## Your objective
From the listing below, output only the lines starting at the line that has "Basic Sense Super" and ending at the line that has "looking for a", exactly as they appear, ends included.
*** Opening Exercise materials ***
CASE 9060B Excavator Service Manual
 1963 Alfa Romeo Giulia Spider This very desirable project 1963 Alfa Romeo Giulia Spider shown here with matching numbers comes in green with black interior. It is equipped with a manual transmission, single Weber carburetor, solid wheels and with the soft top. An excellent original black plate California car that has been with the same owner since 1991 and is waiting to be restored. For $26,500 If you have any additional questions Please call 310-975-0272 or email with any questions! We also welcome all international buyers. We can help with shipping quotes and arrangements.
*** Closing Exercise materials ***
*** Opening Exercise materials ***
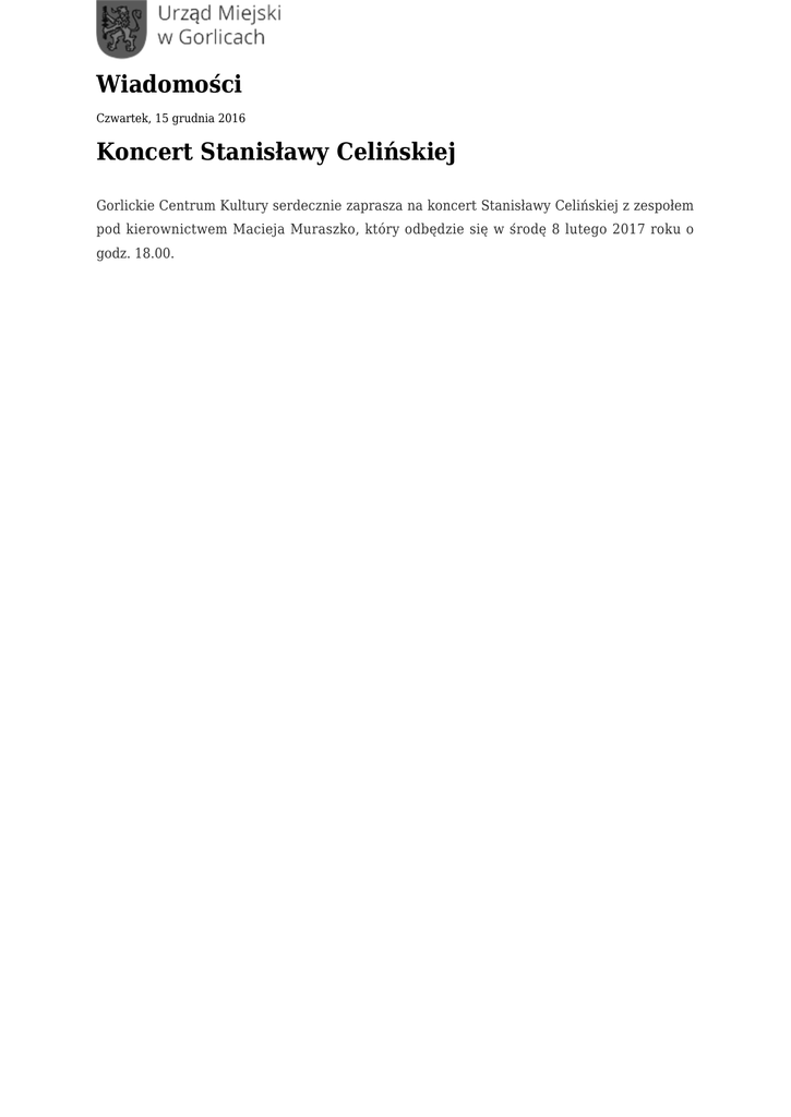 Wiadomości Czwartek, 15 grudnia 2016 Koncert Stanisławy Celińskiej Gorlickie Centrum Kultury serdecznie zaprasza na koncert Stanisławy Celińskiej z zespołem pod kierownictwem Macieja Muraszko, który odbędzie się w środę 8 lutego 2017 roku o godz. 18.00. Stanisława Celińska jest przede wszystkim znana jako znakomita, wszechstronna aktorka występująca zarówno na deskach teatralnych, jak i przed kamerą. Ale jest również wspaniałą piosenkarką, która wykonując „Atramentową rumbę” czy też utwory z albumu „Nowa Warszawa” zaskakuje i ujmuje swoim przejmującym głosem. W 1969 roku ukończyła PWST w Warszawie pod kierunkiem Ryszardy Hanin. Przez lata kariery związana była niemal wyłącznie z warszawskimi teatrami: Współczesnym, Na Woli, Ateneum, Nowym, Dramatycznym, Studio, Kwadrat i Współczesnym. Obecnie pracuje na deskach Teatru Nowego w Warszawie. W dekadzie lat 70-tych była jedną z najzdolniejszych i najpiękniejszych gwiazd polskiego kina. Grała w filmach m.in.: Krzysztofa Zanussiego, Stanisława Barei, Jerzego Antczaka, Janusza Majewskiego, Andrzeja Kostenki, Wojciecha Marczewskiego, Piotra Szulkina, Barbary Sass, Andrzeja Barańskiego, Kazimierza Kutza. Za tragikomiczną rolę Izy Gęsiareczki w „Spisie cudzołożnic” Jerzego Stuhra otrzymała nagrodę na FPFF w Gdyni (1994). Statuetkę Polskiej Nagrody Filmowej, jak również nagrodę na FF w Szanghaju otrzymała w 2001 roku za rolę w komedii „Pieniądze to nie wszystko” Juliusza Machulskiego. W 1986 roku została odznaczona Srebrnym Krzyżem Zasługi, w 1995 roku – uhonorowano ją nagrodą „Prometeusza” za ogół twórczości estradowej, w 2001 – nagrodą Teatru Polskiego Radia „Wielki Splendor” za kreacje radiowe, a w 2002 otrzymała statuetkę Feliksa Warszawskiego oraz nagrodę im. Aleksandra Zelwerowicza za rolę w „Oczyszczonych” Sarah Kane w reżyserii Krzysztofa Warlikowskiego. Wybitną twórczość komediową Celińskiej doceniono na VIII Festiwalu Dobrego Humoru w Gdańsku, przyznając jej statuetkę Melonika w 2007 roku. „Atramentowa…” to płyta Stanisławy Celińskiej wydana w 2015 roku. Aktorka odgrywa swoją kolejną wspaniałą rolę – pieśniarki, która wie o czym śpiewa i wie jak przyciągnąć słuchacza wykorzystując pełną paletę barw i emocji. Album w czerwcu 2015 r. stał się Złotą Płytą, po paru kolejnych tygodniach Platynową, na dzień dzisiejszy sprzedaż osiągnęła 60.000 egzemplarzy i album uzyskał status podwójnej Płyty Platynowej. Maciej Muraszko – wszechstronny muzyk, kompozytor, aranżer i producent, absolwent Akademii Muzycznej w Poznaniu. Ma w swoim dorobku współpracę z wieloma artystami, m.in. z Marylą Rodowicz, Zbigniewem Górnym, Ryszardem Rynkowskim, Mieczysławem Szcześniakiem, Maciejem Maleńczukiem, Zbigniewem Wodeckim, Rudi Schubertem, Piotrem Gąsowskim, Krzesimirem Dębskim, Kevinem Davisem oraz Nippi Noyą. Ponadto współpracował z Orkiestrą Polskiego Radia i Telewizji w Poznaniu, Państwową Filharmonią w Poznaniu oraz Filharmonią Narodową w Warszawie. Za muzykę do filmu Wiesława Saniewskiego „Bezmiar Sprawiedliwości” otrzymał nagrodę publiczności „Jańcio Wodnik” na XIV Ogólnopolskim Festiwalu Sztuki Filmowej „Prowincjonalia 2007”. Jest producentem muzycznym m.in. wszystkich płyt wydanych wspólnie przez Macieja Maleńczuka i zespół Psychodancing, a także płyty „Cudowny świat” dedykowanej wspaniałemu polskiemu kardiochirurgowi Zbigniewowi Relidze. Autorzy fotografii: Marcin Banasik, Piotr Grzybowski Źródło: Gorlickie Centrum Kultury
*** Closing Exercise materials ***
*** Opening Exercise materials ***
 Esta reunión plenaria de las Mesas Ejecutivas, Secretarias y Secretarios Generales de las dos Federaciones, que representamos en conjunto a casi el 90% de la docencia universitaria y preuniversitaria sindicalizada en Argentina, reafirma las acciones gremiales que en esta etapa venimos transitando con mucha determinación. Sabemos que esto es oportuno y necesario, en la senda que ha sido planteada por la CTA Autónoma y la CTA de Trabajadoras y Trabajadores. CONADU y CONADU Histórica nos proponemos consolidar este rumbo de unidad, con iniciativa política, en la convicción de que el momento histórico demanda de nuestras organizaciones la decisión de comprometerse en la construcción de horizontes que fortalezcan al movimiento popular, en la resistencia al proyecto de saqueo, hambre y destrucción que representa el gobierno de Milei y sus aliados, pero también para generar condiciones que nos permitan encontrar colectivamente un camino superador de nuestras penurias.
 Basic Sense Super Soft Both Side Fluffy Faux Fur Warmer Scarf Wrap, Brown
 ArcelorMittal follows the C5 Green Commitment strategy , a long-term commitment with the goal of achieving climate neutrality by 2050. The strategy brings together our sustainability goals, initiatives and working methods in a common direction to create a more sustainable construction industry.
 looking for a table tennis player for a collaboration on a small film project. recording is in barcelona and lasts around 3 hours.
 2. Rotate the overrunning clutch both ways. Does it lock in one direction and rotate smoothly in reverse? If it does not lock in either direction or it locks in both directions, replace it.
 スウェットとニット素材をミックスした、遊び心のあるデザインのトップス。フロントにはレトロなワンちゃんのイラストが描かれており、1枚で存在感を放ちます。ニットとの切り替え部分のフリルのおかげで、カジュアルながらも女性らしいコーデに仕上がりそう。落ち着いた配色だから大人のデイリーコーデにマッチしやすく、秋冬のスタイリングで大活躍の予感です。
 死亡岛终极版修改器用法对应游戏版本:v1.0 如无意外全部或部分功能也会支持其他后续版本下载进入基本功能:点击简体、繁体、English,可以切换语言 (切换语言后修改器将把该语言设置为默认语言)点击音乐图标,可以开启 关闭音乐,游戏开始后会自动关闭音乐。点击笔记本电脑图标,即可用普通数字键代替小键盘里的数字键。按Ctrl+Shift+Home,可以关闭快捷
*** Closing Exercise materials ***
## Reply to the task
 Basic Sense Super Soft Both Side Fluffy Faux Fur Warmer Scarf Wrap, Brown
 ArcelorMittal follows the C5 Green Commitment strategy , a long-term commitment with the goal of achieving climate neutrality by 2050. The strategy brings together our sustainability goals, initiatives and working methods in a common direction to create a more sustainable construction industry.
 looking for a table tennis player for a collaboration on a small film project. recording is in barcelona and lasts around 3 hours.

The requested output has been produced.